[The data — start]

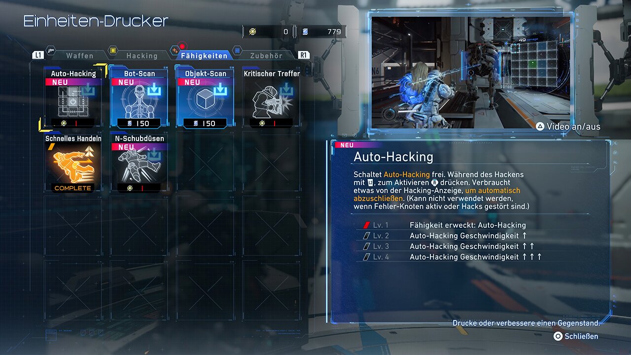 Heißt, sobald ich mit der Knarre auf einen Feind ziele, erscheint rechts auf dem Bildschirm ein Raster, durch das ich mit den Face-Buttons des Controllers navigiere, um ein grünes Feld zu erreichen. Dabei gilt es auch, Fallen zu umgehen oder weitere Knotenpunkte auf dem Weg zum Ziel zu passieren, die dann beispielsweise die Hacking-Dauer verlängern.
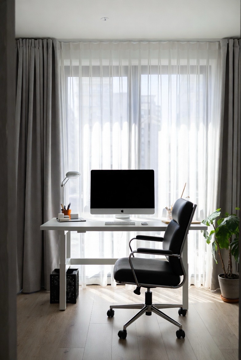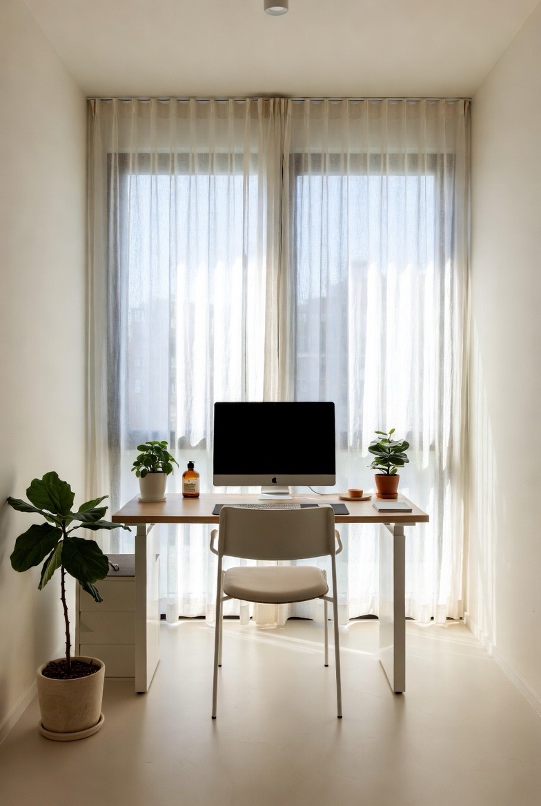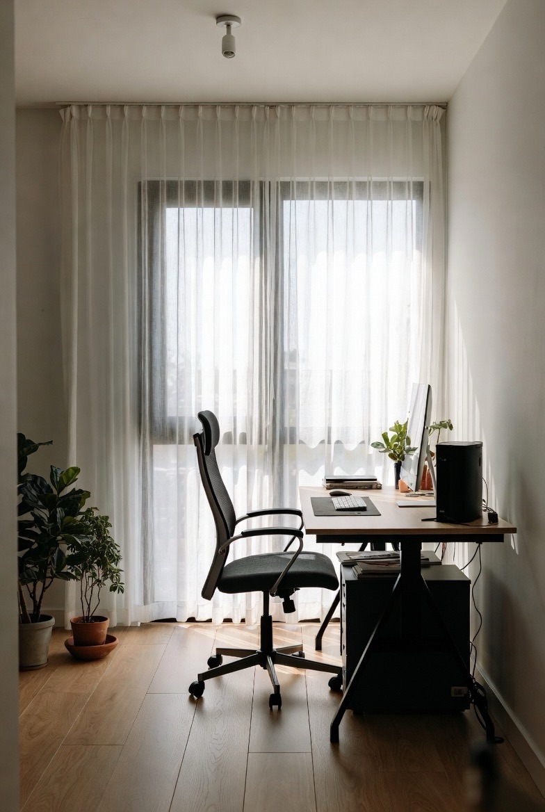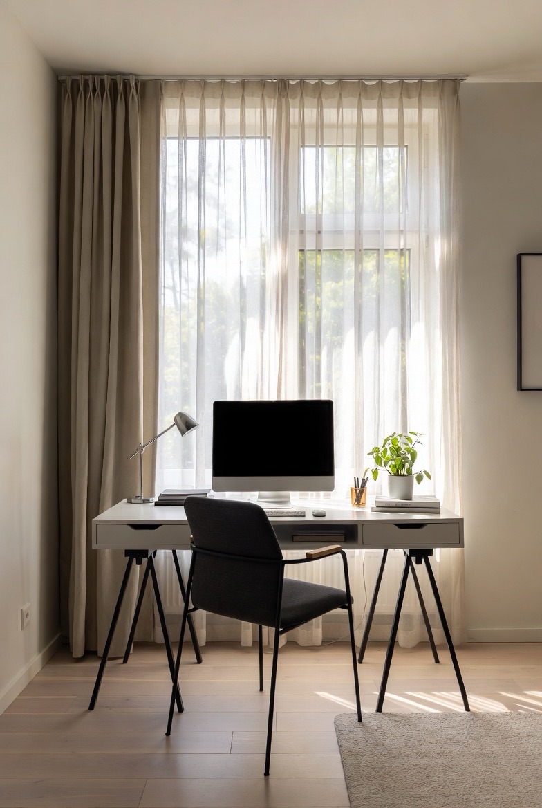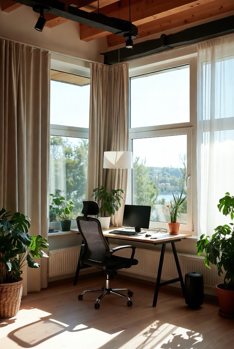 Position your desk near a window to maximize natural light, perfect for small offices. Pair with sheer curtains, a minimal desk, and greenery for a calming, modern vibe. Natural light boosts focus and productivity while making the space feel bright and open.
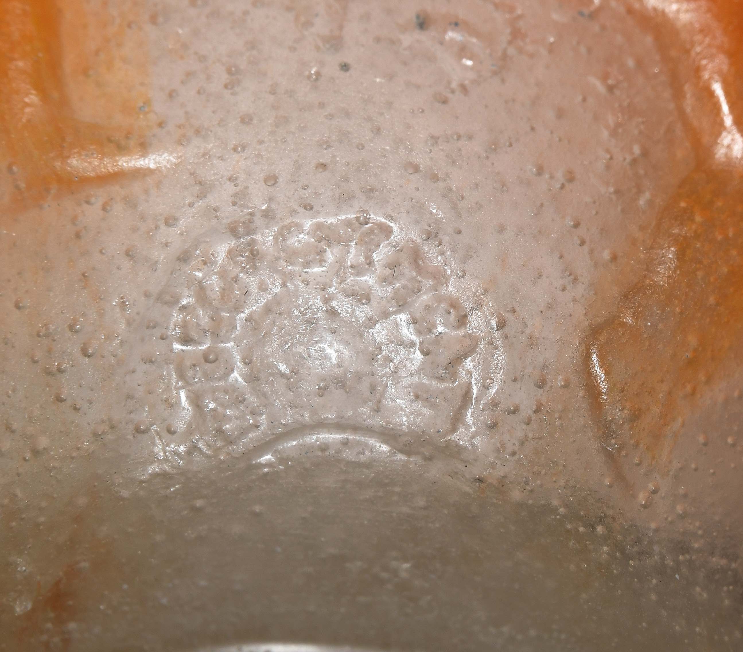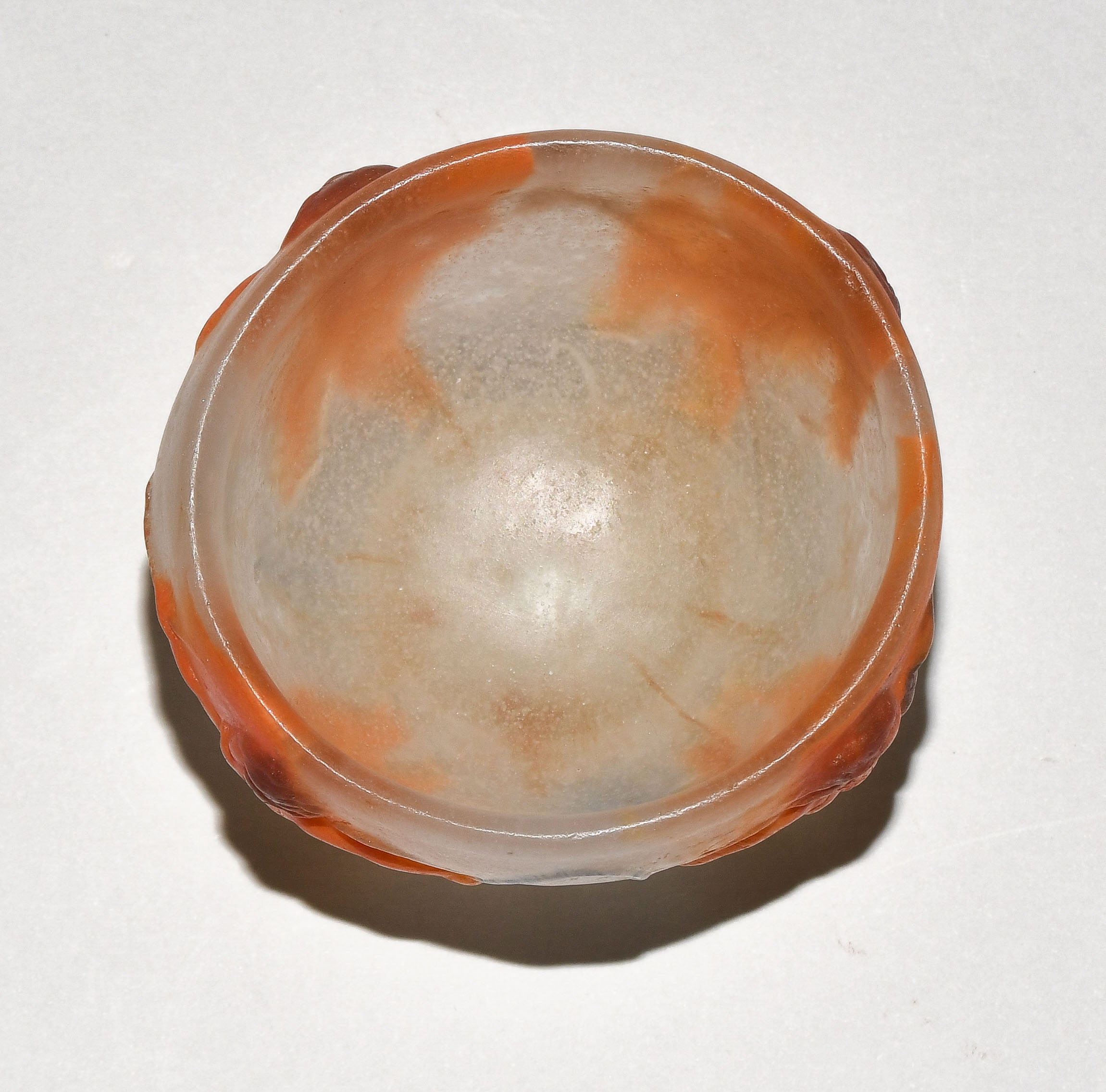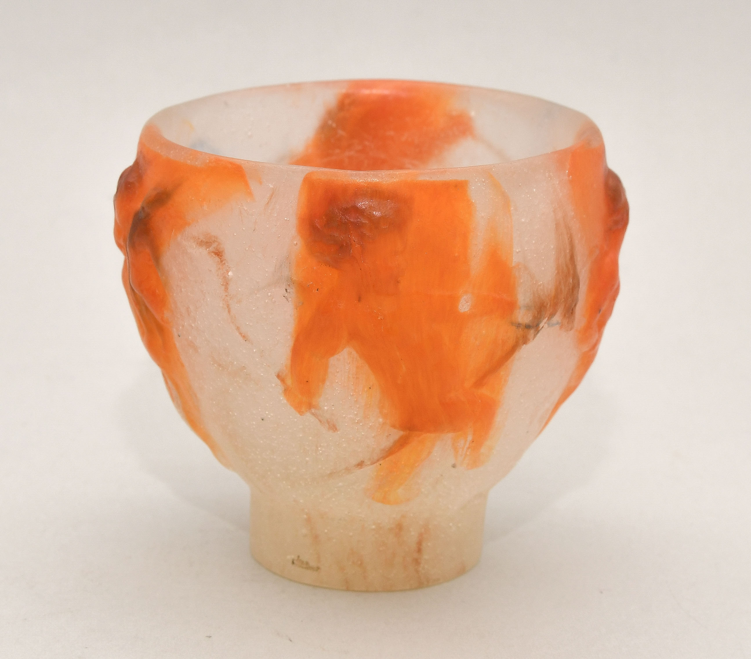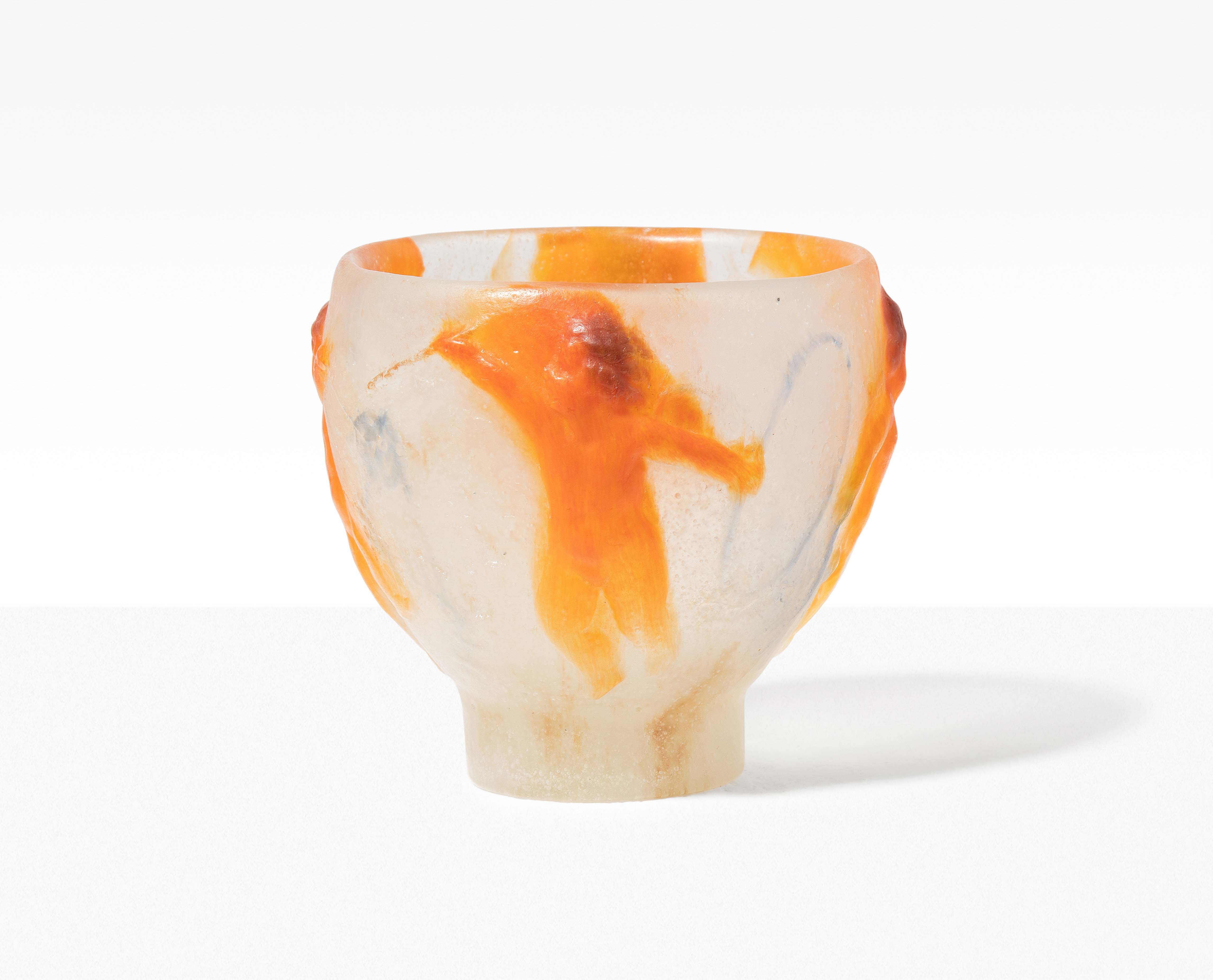 Conches/Eure, um 1920. Vase. Pâte-de-verre in Milchigweiss, Orange und Hellblau, reliefierte Putten mit Reif, Steckenpferd, fliegendem Drachen und Puppen. Bezeichnet: Marke "DECORCHEMENT" (tiefgepresst). H 8 cm.

[The data — finish]

Please output the data above exactly as given, omitting every picture.

> _Task output_
 Heißt, sobald ich mit der Knarre auf einen Feind ziele, erscheint rechts auf dem Bildschirm ein Raster, durch das ich mit den Face-Buttons des Controllers navigiere, um ein grünes Feld zu erreichen. Dabei gilt es auch, Fallen zu umgehen oder weitere Knotenpunkte auf dem Weg zum Ziel zu passieren, die dann beispielsweise die Hacking-Dauer verlängern.
 Position your desk near a window to maximize natural light, perfect for small offices. Pair with sheer curtains, a minimal desk, and greenery for a calming, modern vibe. Natural light boosts focus and productivity while making the space feel bright and open.
 Conches/Eure, um 1920. Vase. Pâte-de-verre in Milchigweiss, Orange und Hellblau, reliefierte Putten mit Reif, Steckenpferd, fliegendem Drachen und Puppen. Bezeichnet: Marke "DECORCHEMENT" (tiefgepresst). H 8 cm.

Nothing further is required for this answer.